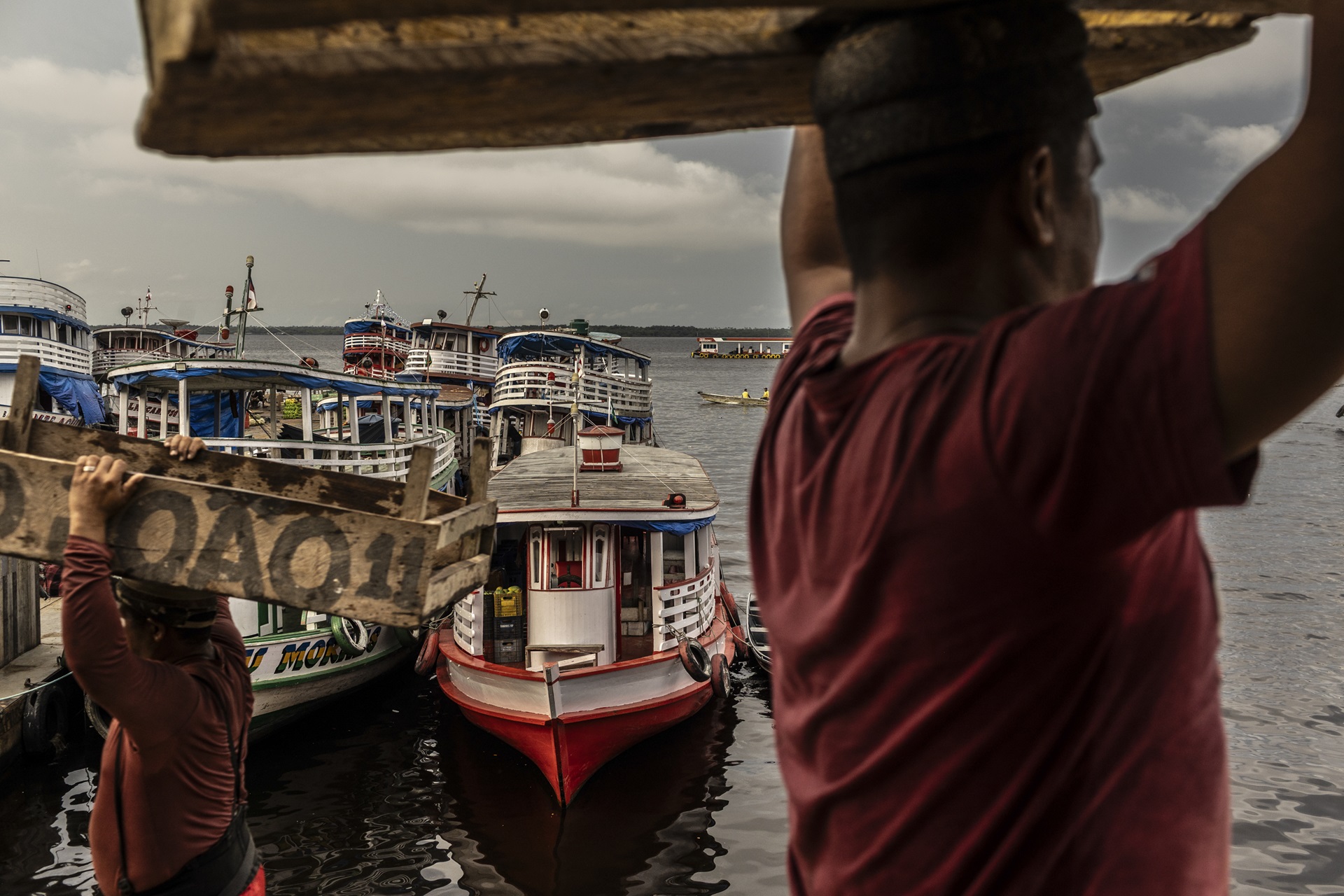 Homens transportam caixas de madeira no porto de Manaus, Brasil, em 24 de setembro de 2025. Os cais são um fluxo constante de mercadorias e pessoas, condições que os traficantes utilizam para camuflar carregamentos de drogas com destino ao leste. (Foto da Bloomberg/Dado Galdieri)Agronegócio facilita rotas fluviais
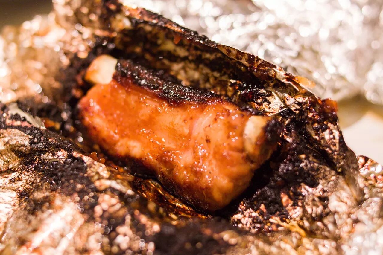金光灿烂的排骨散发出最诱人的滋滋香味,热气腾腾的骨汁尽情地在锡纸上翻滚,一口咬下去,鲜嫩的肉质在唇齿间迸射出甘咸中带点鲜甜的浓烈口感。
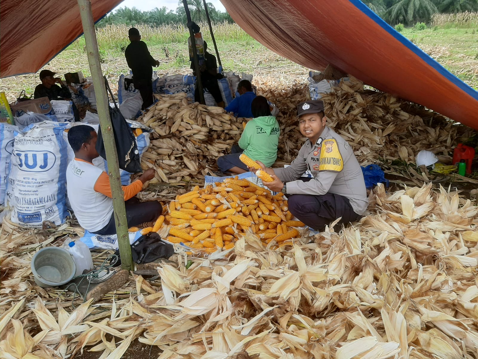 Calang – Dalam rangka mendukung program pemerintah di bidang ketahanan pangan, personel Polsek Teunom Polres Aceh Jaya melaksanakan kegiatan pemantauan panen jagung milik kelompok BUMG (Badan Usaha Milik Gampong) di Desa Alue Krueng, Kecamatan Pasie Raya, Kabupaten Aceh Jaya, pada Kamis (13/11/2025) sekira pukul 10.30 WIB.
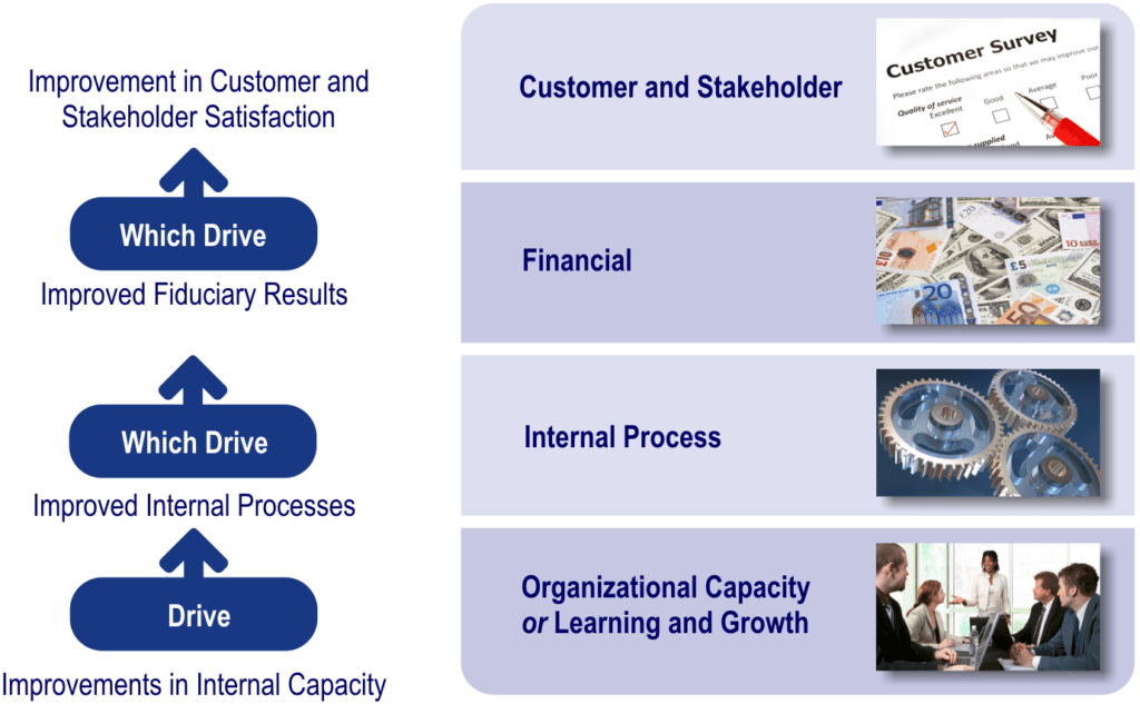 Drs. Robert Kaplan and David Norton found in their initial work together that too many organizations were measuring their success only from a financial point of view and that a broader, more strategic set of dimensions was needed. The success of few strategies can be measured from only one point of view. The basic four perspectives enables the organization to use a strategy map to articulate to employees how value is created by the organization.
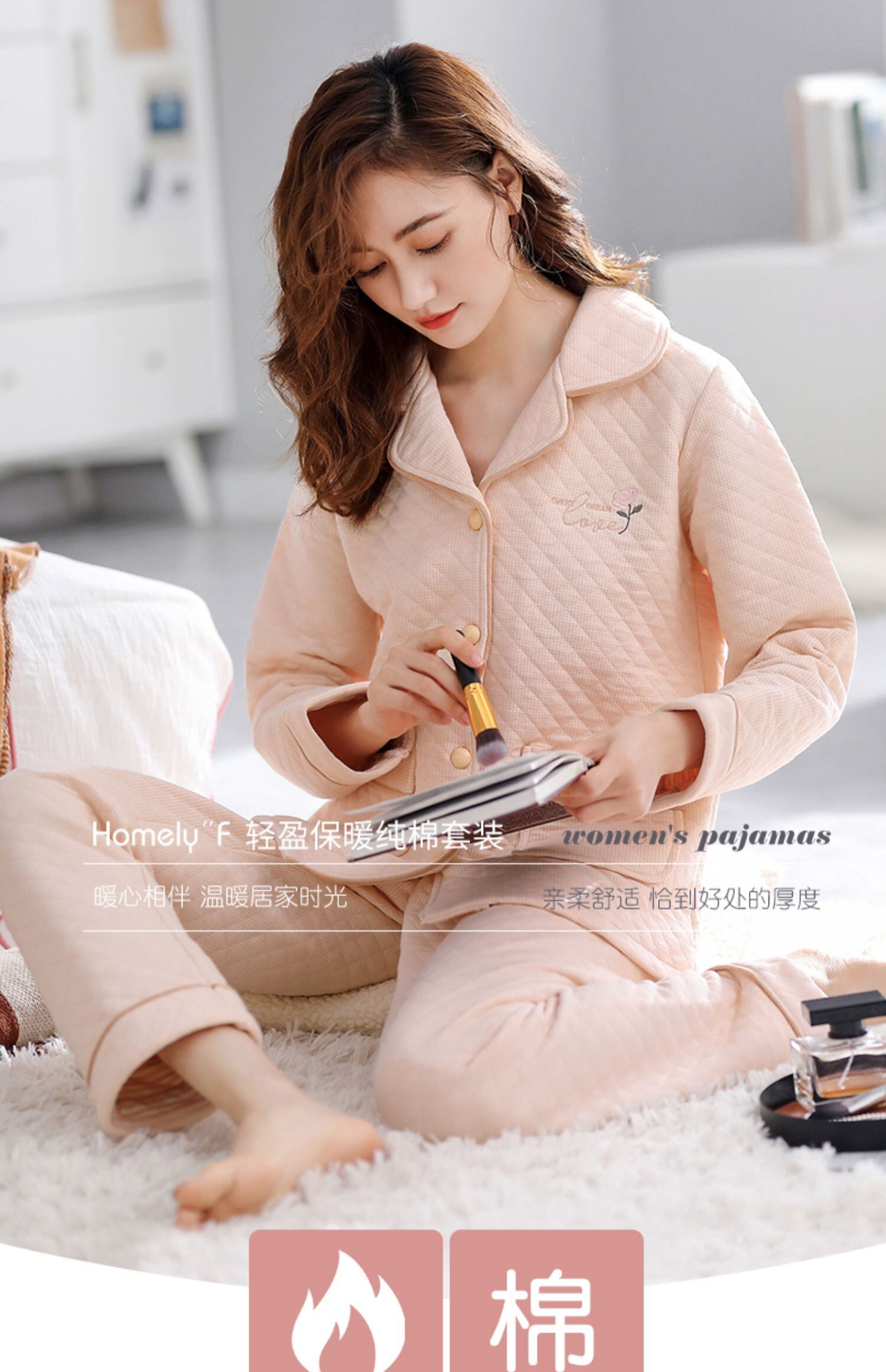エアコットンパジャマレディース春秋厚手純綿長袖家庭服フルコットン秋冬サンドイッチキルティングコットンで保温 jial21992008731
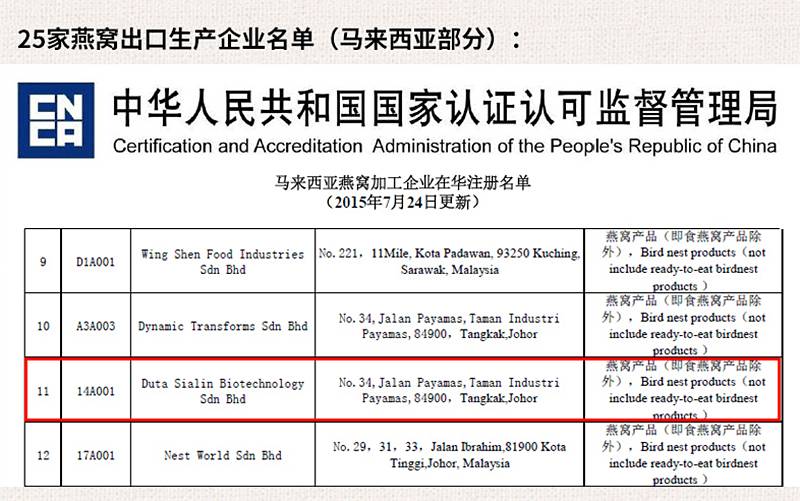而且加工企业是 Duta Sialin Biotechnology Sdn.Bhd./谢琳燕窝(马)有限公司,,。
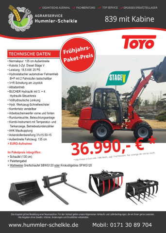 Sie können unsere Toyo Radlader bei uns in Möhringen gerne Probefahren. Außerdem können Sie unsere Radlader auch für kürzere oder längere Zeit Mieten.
· · · ·
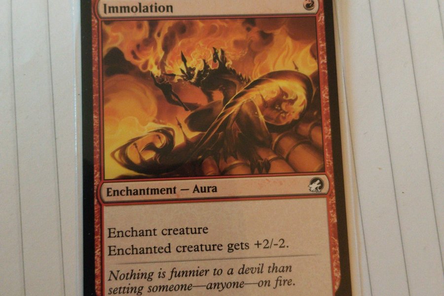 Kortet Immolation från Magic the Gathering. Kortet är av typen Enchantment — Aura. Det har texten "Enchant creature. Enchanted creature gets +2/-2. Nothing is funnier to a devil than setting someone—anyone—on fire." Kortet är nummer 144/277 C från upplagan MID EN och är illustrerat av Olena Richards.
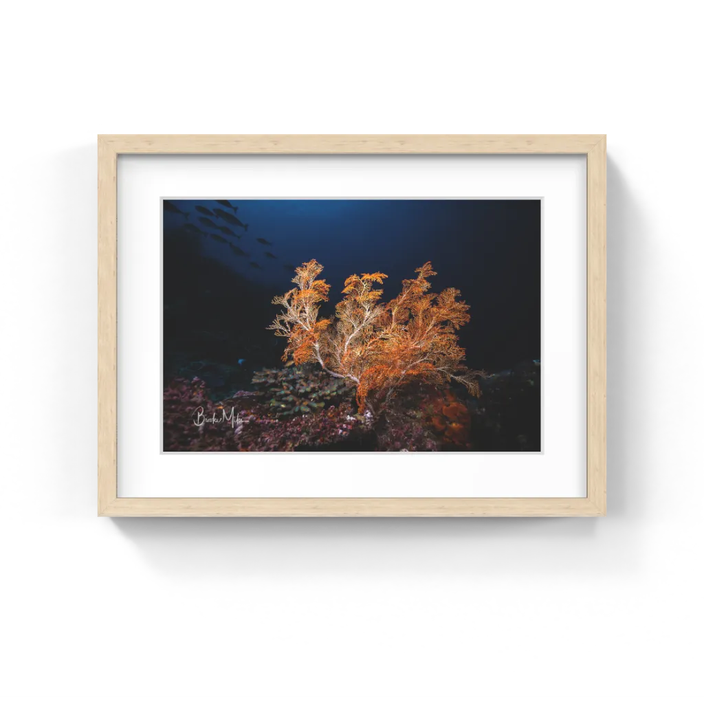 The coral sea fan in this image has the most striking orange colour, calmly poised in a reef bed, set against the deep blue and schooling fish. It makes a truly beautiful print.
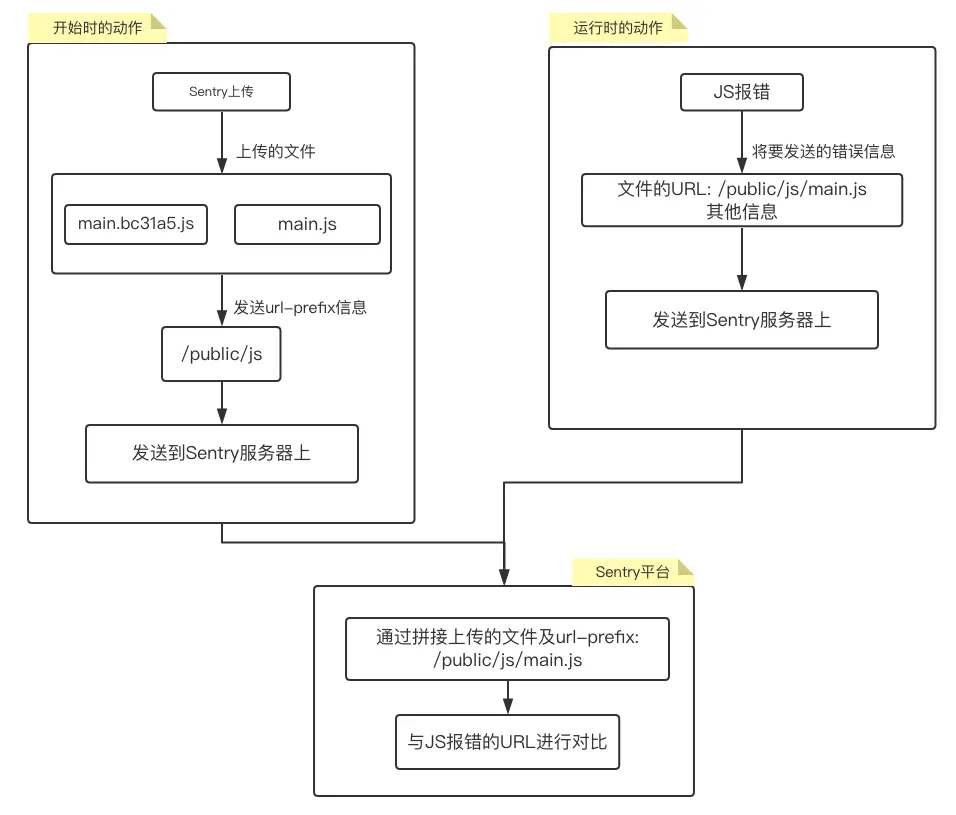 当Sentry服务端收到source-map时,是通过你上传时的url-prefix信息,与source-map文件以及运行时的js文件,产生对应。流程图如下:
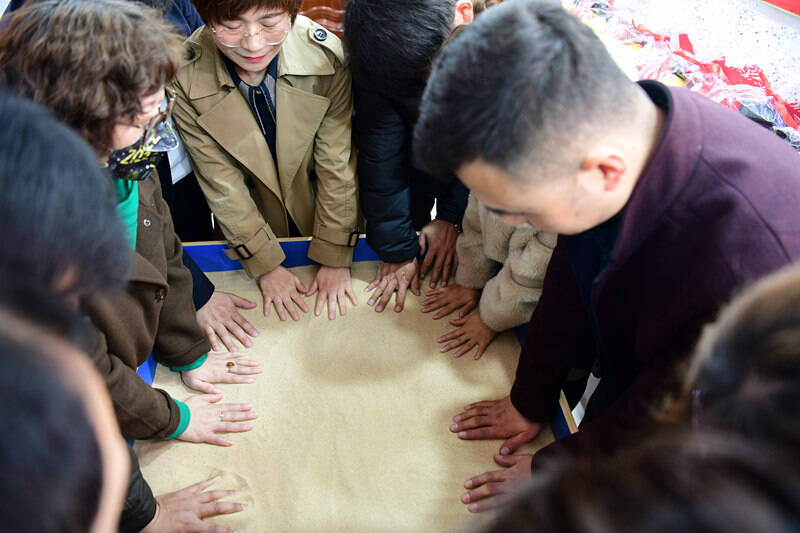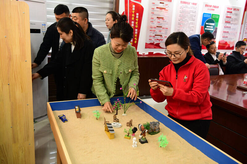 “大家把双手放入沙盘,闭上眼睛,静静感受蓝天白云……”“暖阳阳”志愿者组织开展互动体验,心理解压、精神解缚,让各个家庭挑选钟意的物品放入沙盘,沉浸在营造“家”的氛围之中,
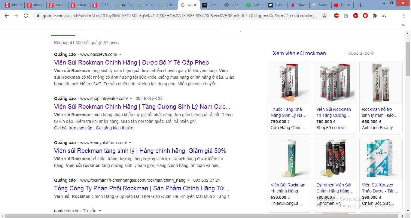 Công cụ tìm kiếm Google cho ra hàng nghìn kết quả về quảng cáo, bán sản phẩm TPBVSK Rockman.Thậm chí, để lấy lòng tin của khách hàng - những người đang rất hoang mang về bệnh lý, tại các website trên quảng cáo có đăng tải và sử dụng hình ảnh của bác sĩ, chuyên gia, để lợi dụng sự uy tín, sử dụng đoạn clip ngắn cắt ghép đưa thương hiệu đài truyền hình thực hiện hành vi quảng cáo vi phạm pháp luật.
· · · ·
What needs to be done: Given the listing above, repeat exactly the lines starting at the one with "エアコットンパジャマレディー" and ending at the one with "Sie können unsere", inclusive, excluding pictures.

Answer for this exercise:
エアコットンパジャマレディース春秋厚手純綿長袖家庭服フルコットン秋冬サンドイッチキルティングコットンで保温 jial21992008731
而且加工企业是 Duta Sialin Biotechnology Sdn.Bhd./谢琳燕窝(马)有限公司,,。
 Sie können unsere Toyo Radlader bei uns in Möhringen gerne Probefahren. Außerdem können Sie unsere Radlader auch für kürzere oder längere Zeit Mieten.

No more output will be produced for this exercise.